WORK TO BE COMPLETED: Reproduce the records below exactly, leaving out any pictures.
[Opening EXERCISE INPUT section]
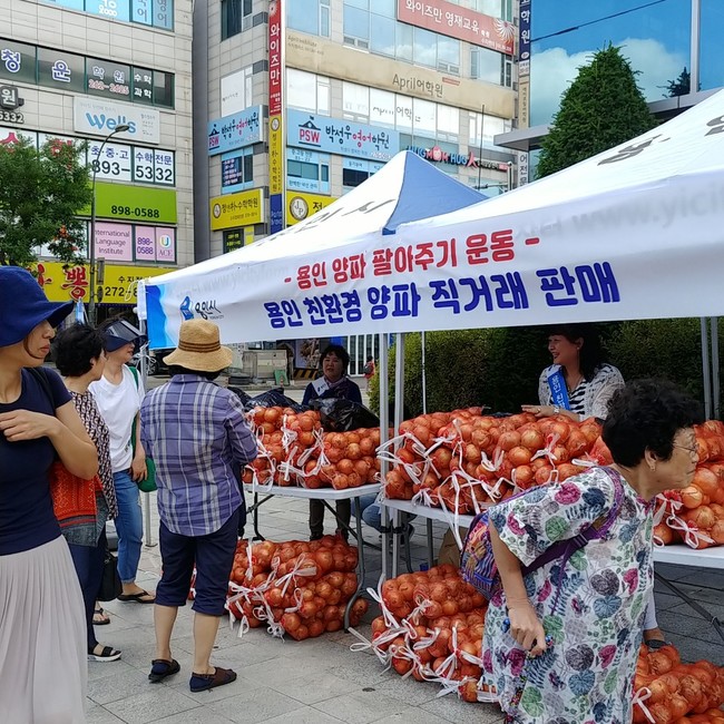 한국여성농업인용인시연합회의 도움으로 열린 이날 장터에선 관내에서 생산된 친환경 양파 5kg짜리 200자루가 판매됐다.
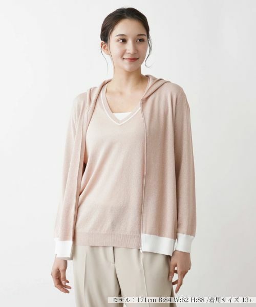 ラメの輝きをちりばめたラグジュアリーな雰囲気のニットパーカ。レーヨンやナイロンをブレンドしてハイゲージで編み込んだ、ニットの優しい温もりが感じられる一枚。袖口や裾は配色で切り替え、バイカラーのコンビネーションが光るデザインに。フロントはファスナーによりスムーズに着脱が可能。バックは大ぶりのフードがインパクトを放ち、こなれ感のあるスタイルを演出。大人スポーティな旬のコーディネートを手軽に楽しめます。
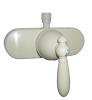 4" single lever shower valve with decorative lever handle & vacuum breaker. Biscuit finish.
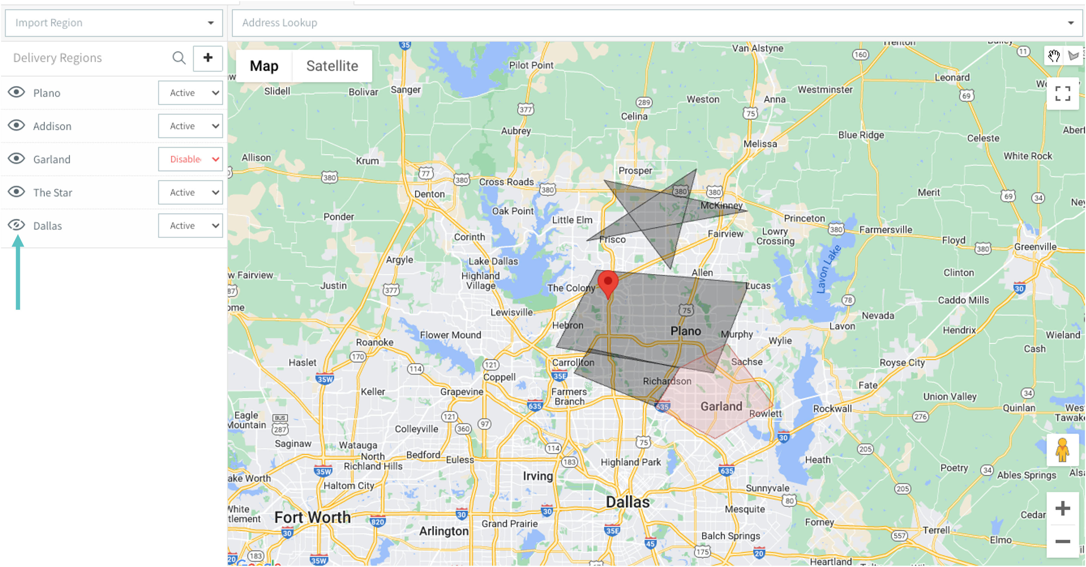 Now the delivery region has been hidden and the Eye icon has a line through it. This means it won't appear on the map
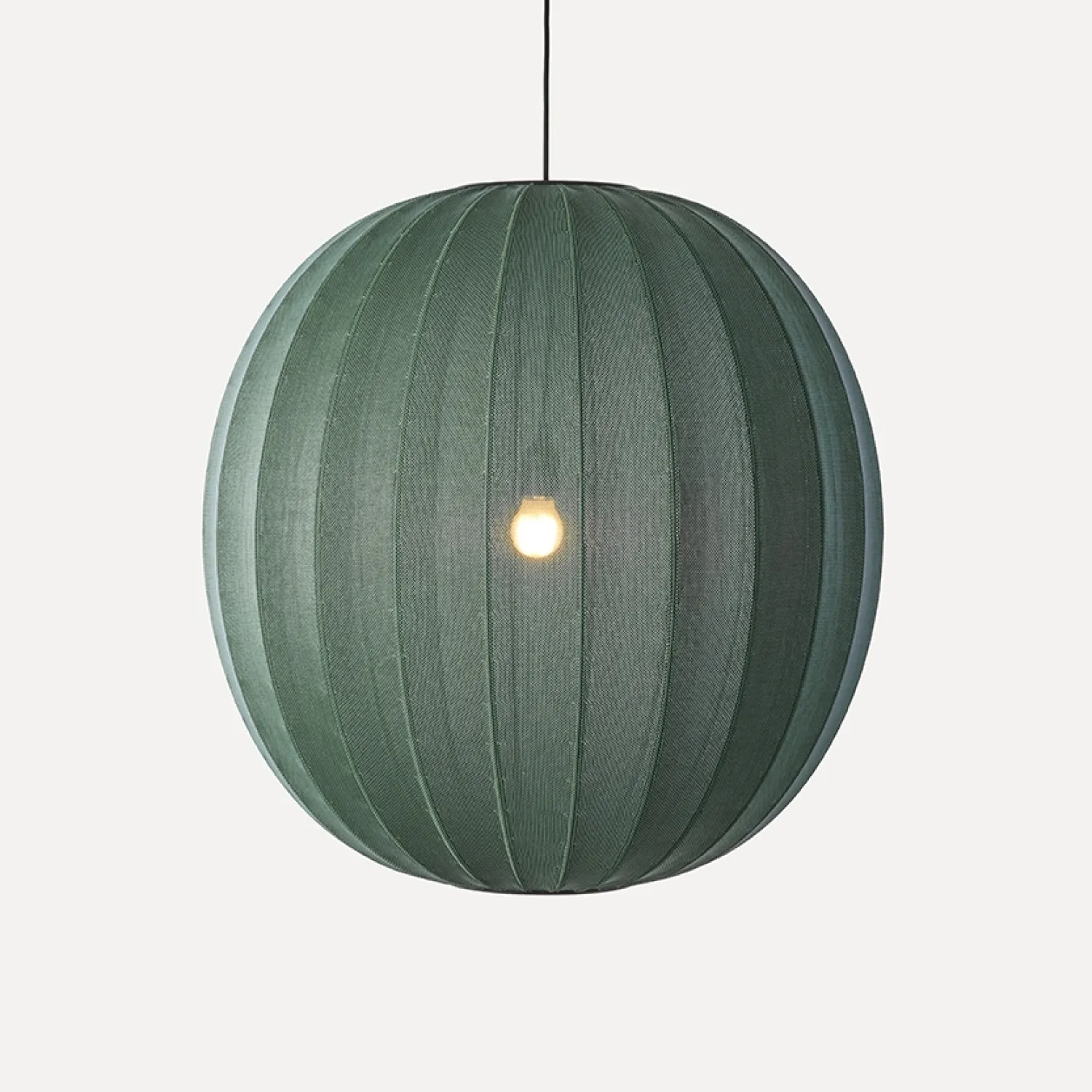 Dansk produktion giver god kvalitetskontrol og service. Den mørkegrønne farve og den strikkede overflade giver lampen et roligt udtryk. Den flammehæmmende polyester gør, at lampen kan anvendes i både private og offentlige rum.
[Closing EXERCISE INPUT section]
OUTPUT FOR THIS TASK:
 한국여성농업인용인시연합회의 도움으로 열린 이날 장터에선 관내에서 생산된 친환경 양파 5kg짜리 200자루가 판매됐다.
 ラメの輝きをちりばめたラグジュアリーな雰囲気のニットパーカ。レーヨンやナイロンをブレンドしてハイゲージで編み込んだ、ニットの優しい温もりが感じられる一枚。袖口や裾は配色で切り替え、バイカラーのコンビネーションが光るデザインに。フロントはファスナーによりスムーズに着脱が可能。バックは大ぶりのフードがインパクトを放ち、こなれ感のあるスタイルを演出。大人スポーティな旬のコーディネートを手軽に楽しめます。
 4" single lever shower valve with decorative lever handle & vacuum breaker. Biscuit finish.
 Now the delivery region has been hidden and the Eye icon has a line through it. This means it won't appear on the map
 Dansk produktion giver god kvalitetskontrol og service. Den mørkegrønne farve og den strikkede overflade giver lampen et roligt udtryk. Den flammehæmmende polyester gør, at lampen kan anvendes i både private og offentlige rum.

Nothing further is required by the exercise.